The age old debate on adaptation

by Rachel

Lauren touched on the subject of film adaptations in her post-Oscars blog entry, but with The Lovely Bones opening in theatres this weekend, and with films such as Alice In Wonderland and Sherlock Holmes also coming to us on the big screen, I thought I’d throw in my two cents on the ongoing book vs. film adaptation debate.

Today’s NY Times review of The Lovely Bones was mixed. A.O. Scott writes that while Alice Sebold's novel showed audacity and effective art, the film shows less audacity and too much art. The film, he says, “skitters and lurches from set piece to the next” and never achieves the “delicate emotional coherence that would bring the story alive.” He then goes on to say that one of the problems with the film is that there are hard decisions to be made when trying to put Sebold’s work into a motion picture: What should be highlighted? What should be left out?

I’d like to know how filmmakers make such decisions. Obviously you can’t transfer every minute detail from a book to the screen--an audience doesn’t really want to stick around for more than a couple of hours to catch every last event that occurred in a book, but by having to be so selective in film adaptations, are we missing out on details that only reading books can bring us?

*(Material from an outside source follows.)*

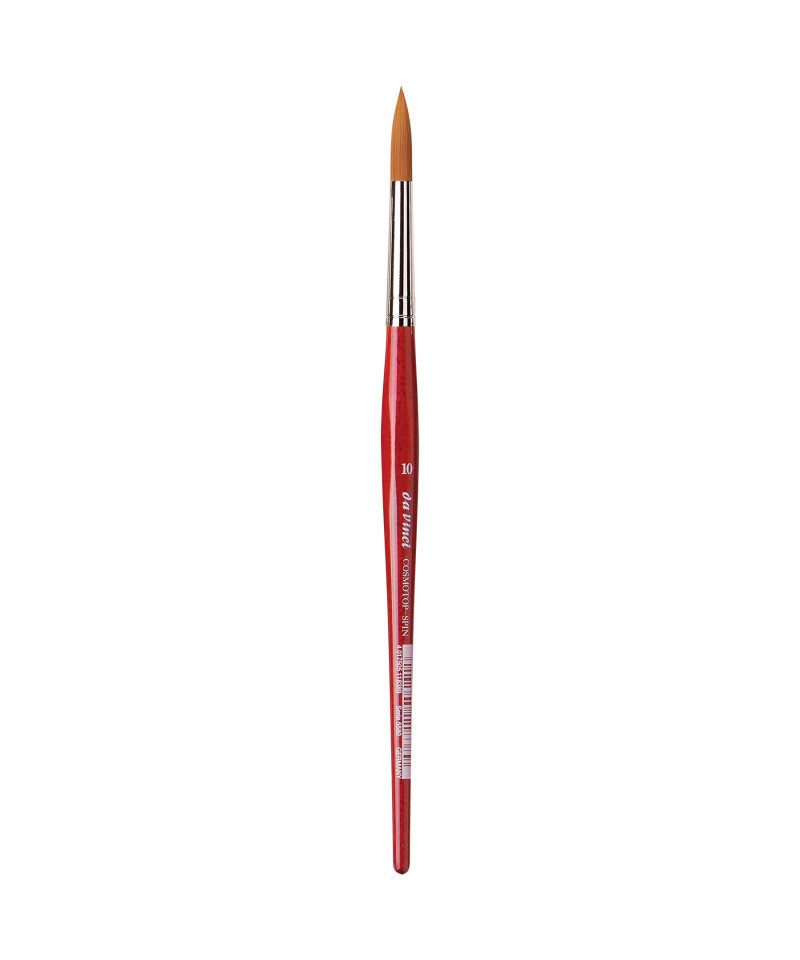 COSMOTOP-SPIN synthetics are great for watercolor, gouache, acrylic & ink. Spin holds more water than any other synthetic with a blend of 5 different diameters of extra smooth fiber ensuring the highest color-absorption of any synthetic brush. It has a sturdy construction and will retain its shape. Beautiful lacquered red handles and nickel-plated brass ferrules are rust proof. Hexagonal handles prevent the brush from rolling away. Certified green manufacturing with sustainable wood handles. Handmade in Germany at our family-owned factory since 1890.

The film Adaptation comes to mind when I think about the great book vs. film adaptation debate. What was meant to be a film adaptation of Susan Orlean’s The Orchard Thief, turned into a film about how to adapt a book into a screenplay--better yet, I think the film poses the question of whether or not it’s possible for a book to be adapted for film at all. The movie certainly makes you think whether or not this is possible. Sure, Adaptation is a wonderful film, but it’s a film about a man having writer’s block while trying to adapt the book to the big screen.

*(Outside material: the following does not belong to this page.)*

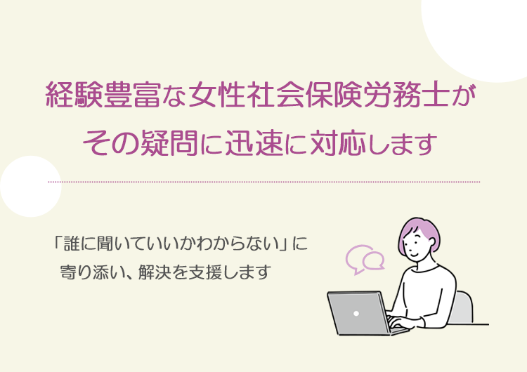 経験豊富な女性社会保険労務⼠がその疑問に迅速に対応します。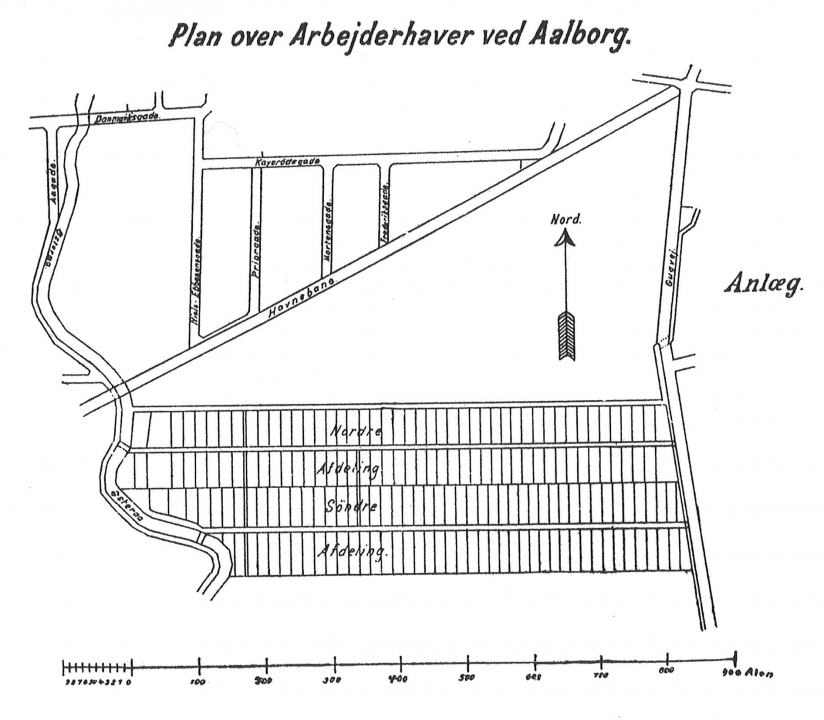 Plan over de haver, som Jørgen Berthelsen lejede i 1884 og 1886 af Aalborg Kommune og som han derefter fremlejede til arbejderne i Aalborg. Kilde: “Alletiders have – Om kolonihaver i Danmark”, Sørensen og Ravn 2008

So, I wonder, are there some books that just can’t be made into films? Or, do you believe films ‘give life’ to books?

5 comments:

  1. It's a spectrum. The Shawshank Redemption was infinitely better as a film than a novella. Apt Pupil (from the very same Stephen King collection) was a terrible film. There's nothing inherently good or bad about adaptation, but just like original screenplays, some movies are good and some movies suck.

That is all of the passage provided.